The part to set down runs from the first line of the data below through the line with "配信(請求)企業側では「Bi", inclusive; write it exactly and leave out the pictures.
[[ Information shown, beginning ]]
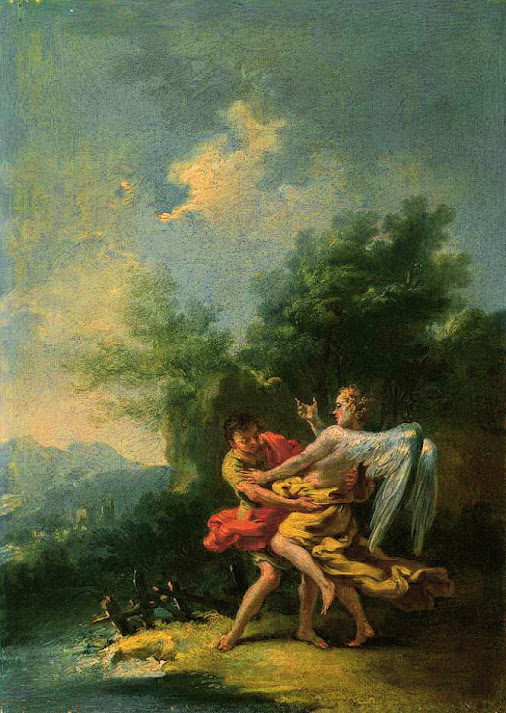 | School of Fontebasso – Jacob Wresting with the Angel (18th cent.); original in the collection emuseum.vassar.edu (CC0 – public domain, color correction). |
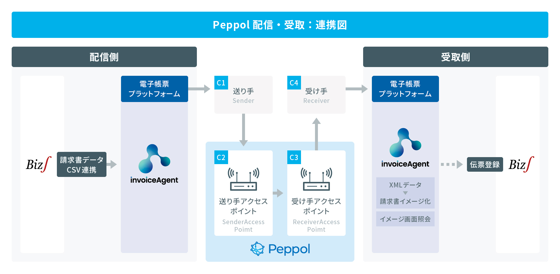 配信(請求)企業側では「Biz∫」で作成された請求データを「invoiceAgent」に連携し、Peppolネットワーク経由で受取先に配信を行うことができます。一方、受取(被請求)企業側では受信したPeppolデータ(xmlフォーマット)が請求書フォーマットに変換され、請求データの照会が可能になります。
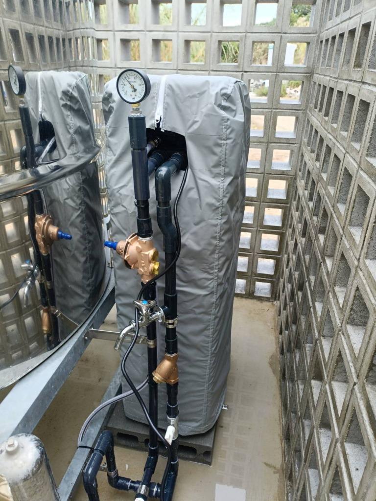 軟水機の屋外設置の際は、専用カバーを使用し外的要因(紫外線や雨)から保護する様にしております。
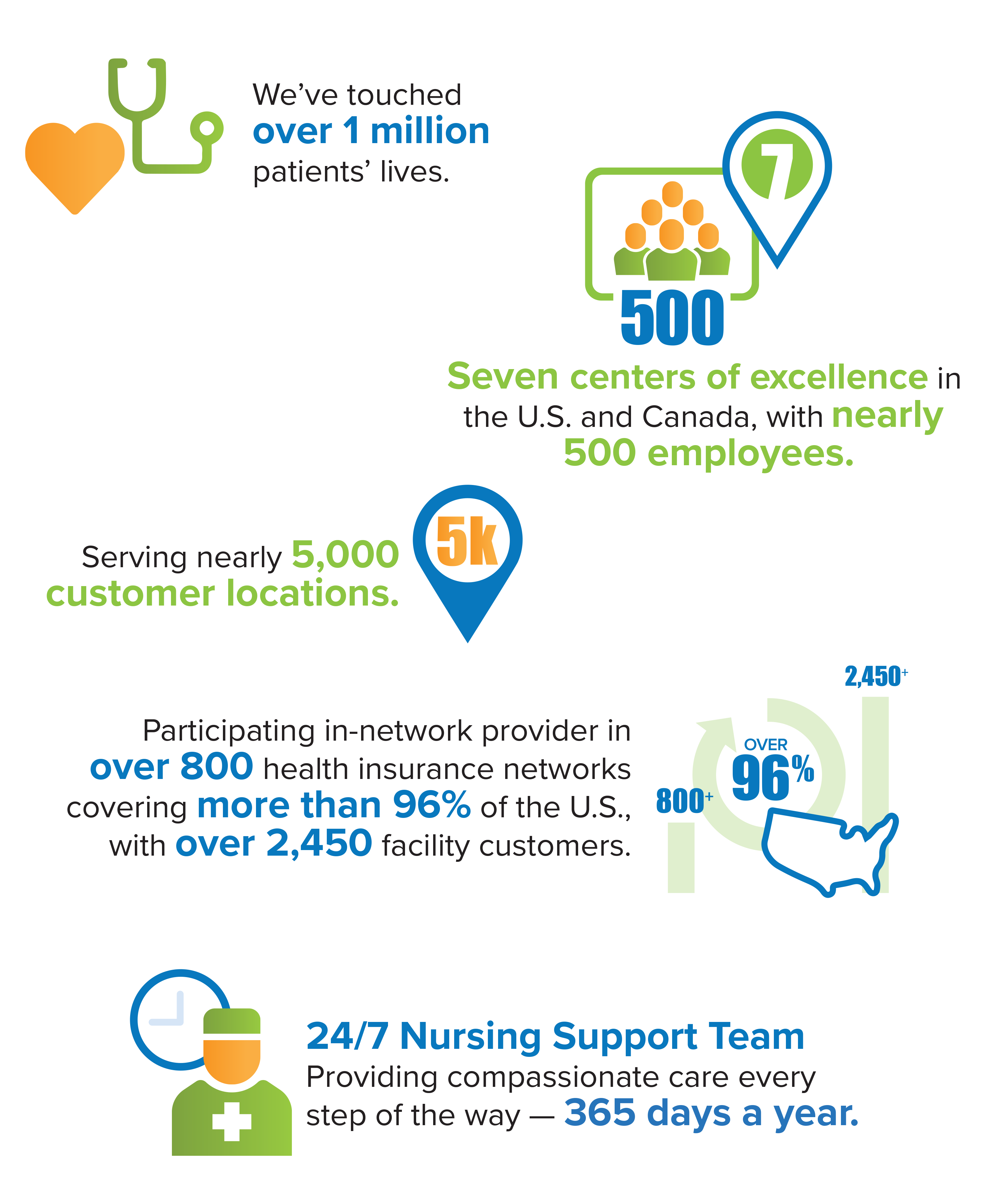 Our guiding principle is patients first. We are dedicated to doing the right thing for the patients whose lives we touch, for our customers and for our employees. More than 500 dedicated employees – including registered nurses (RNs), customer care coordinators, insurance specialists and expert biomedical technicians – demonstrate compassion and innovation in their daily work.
[[ Information shown, end ]]
### Response area
 | School of Fontebasso – Jacob Wresting with the Angel (18th cent.); original in the collection emuseum.vassar.edu (CC0 – public domain, color correction). |
 配信(請求)企業側では「Biz∫」で作成された請求データを「invoiceAgent」に連携し、Peppolネットワーク経由で受取先に配信を行うことができます。一方、受取(被請求)企業側では受信したPeppolデータ(xmlフォーマット)が請求書フォーマットに変換され、請求データの照会が可能になります。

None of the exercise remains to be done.